**THE TASK**
Starting at the line with "Gemma 支持的词汇表大小达到了 256K,这意味着它对英语之外的其他语言能够更好、更快地提供支持。", return every line through the final one of the data, word for word. Pictures stay out.

Stored items from a collection:
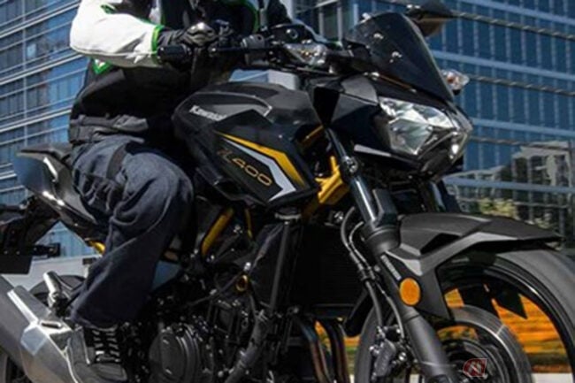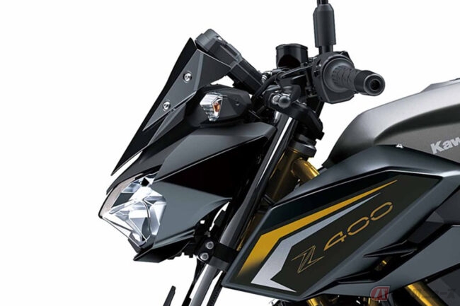 ビギナーからベテランまで楽しめる扱いやすい特性のZ400は、大型モデルの「Z」シリーズで提唱した先鋭的な車体形状の「Sugomi」デザイン(クラウンチングフォルム、低く構えたヘッドライトフェイス、跳ね上げられたテールセクション)を踏襲。
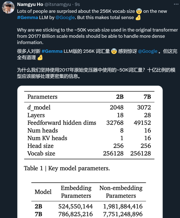 在开源模型的同时,谷歌还公布了有关 Gemma 的性能、数据集组成和建模方法的详细信息的技术报告。在技术报告中,其他研究者发现了一些亮点,比如 Gemma 支持的词汇表大小达到了 256K,这意味着它对英语之外的其他语言能够更好、更快地提供支持。
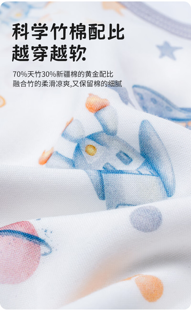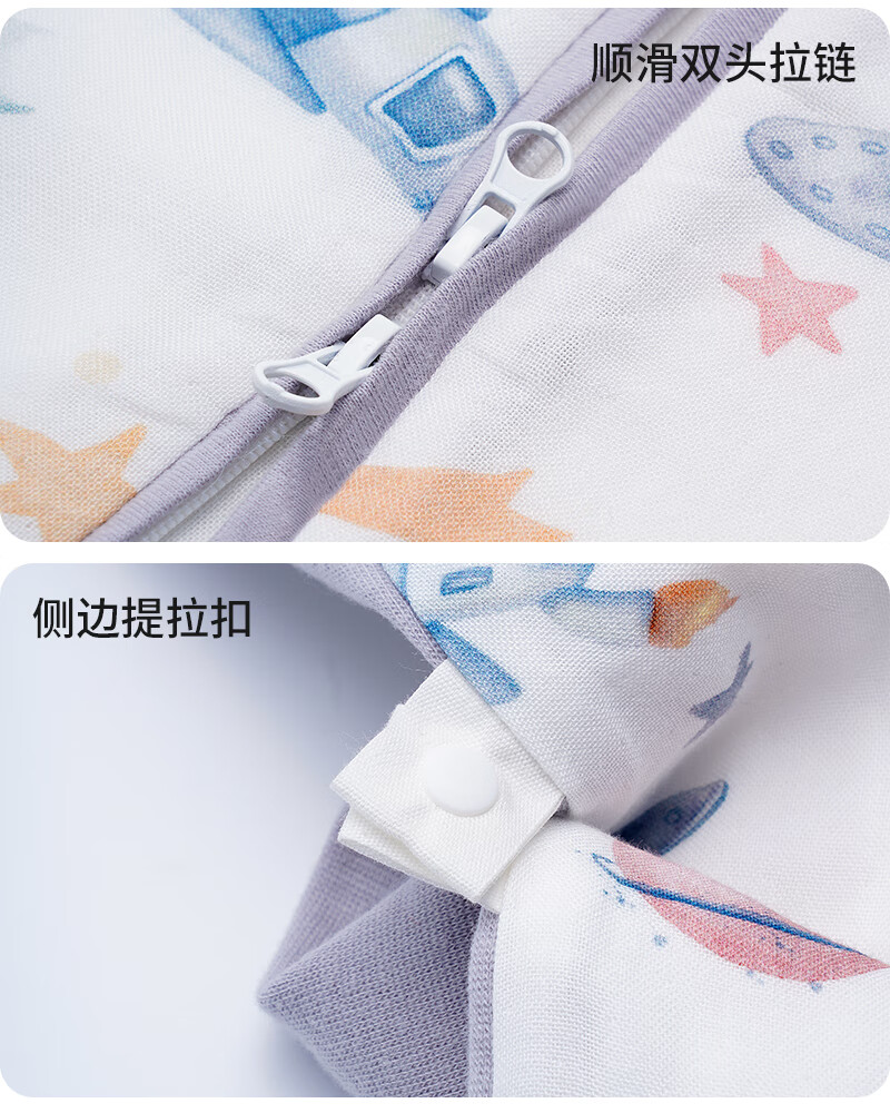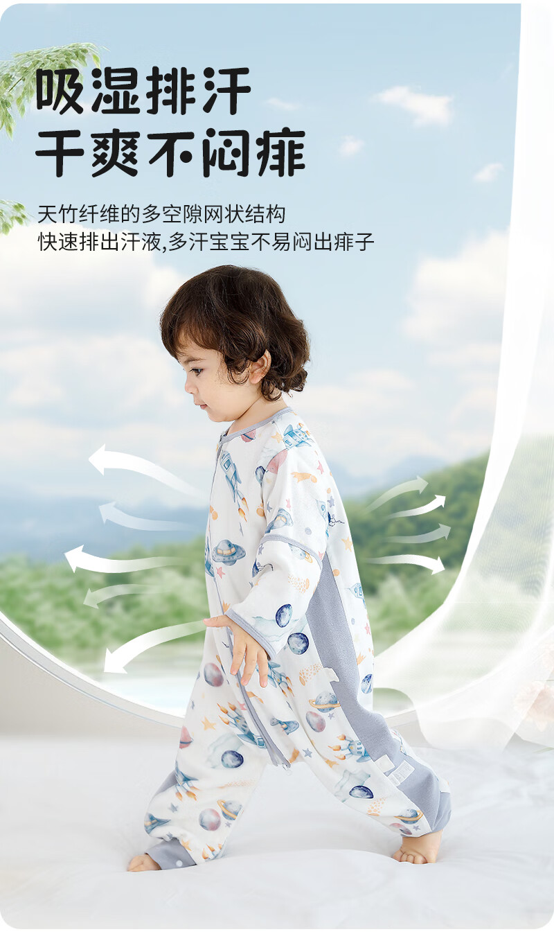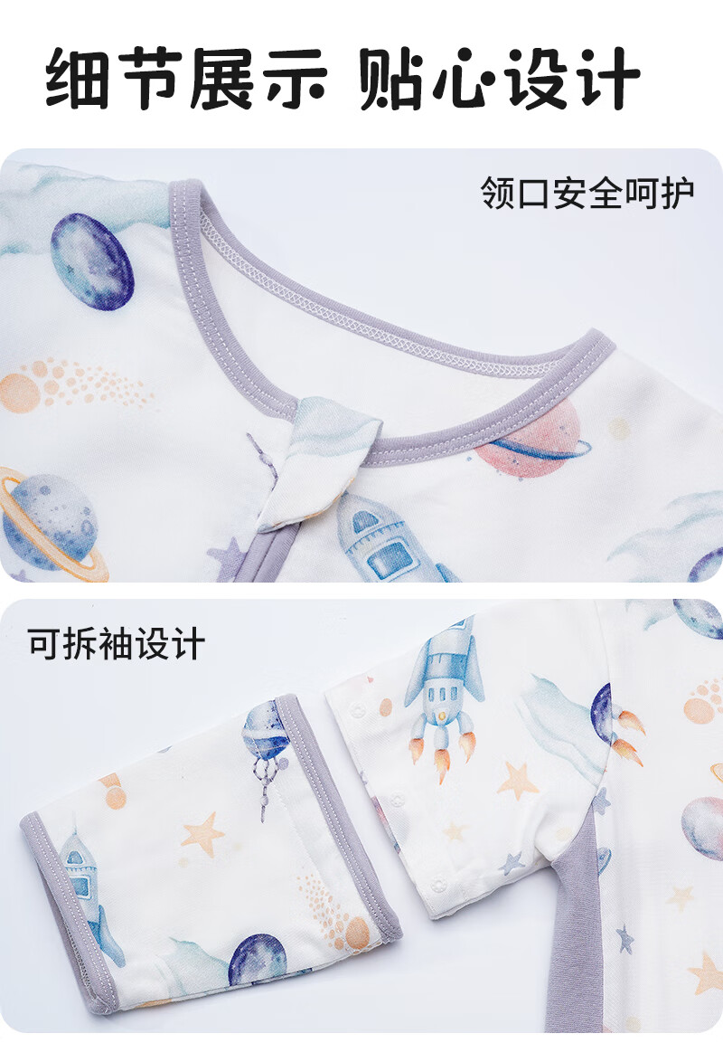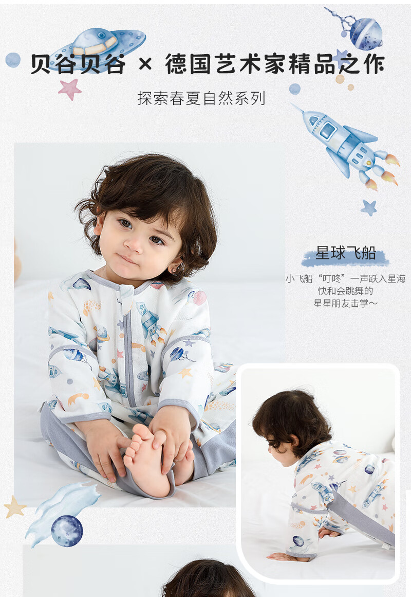 贝谷贝谷睡袋婴儿睡袋春夏季竹棉纱布儿童防踢被子宝宝分腿睡袋新生儿睡衣 星球飞船竹棉前4后2【26℃以上】 XL码【身高105-115cm】年龄4-6岁
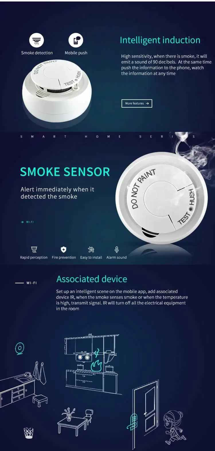 Этот продукт, именуемый Wi-Fi детектором дыма, срабатывает сигнализация (далее-детектор), обнаруживает дым парой инфракрасных диодов.
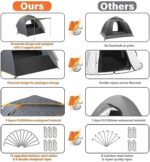 Unique Floormat and Sunshelter Design: The extended 24.4in floor mat design can put your camping gears and keep them dry even on rainy days. The vestibule and awning-type door on the front increased 40% more space than traditional tent, you can support it with poles as a sunshade or roll it up according to your needs, suitable for various occasions.

**EXERCISE RESPONSE**
 在开源模型的同时,谷歌还公布了有关 Gemma 的性能、数据集组成和建模方法的详细信息的技术报告。在技术报告中,其他研究者发现了一些亮点,比如 Gemma 支持的词汇表大小达到了 256K,这意味着它对英语之外的其他语言能够更好、更快地提供支持。
 贝谷贝谷睡袋婴儿睡袋春夏季竹棉纱布儿童防踢被子宝宝分腿睡袋新生儿睡衣 星球飞船竹棉前4后2【26℃以上】 XL码【身高105-115cm】年龄4-6岁
 Этот продукт, именуемый Wi-Fi детектором дыма, срабатывает сигнализация (далее-детектор), обнаруживает дым парой инфракрасных диодов.
 Unique Floormat and Sunshelter Design: The extended 24.4in floor mat design can put your camping gears and keep them dry even on rainy days. The vestibule and awning-type door on the front increased 40% more space than traditional tent, you can support it with poles as a sunshade or roll it up according to your needs, suitable for various occasions.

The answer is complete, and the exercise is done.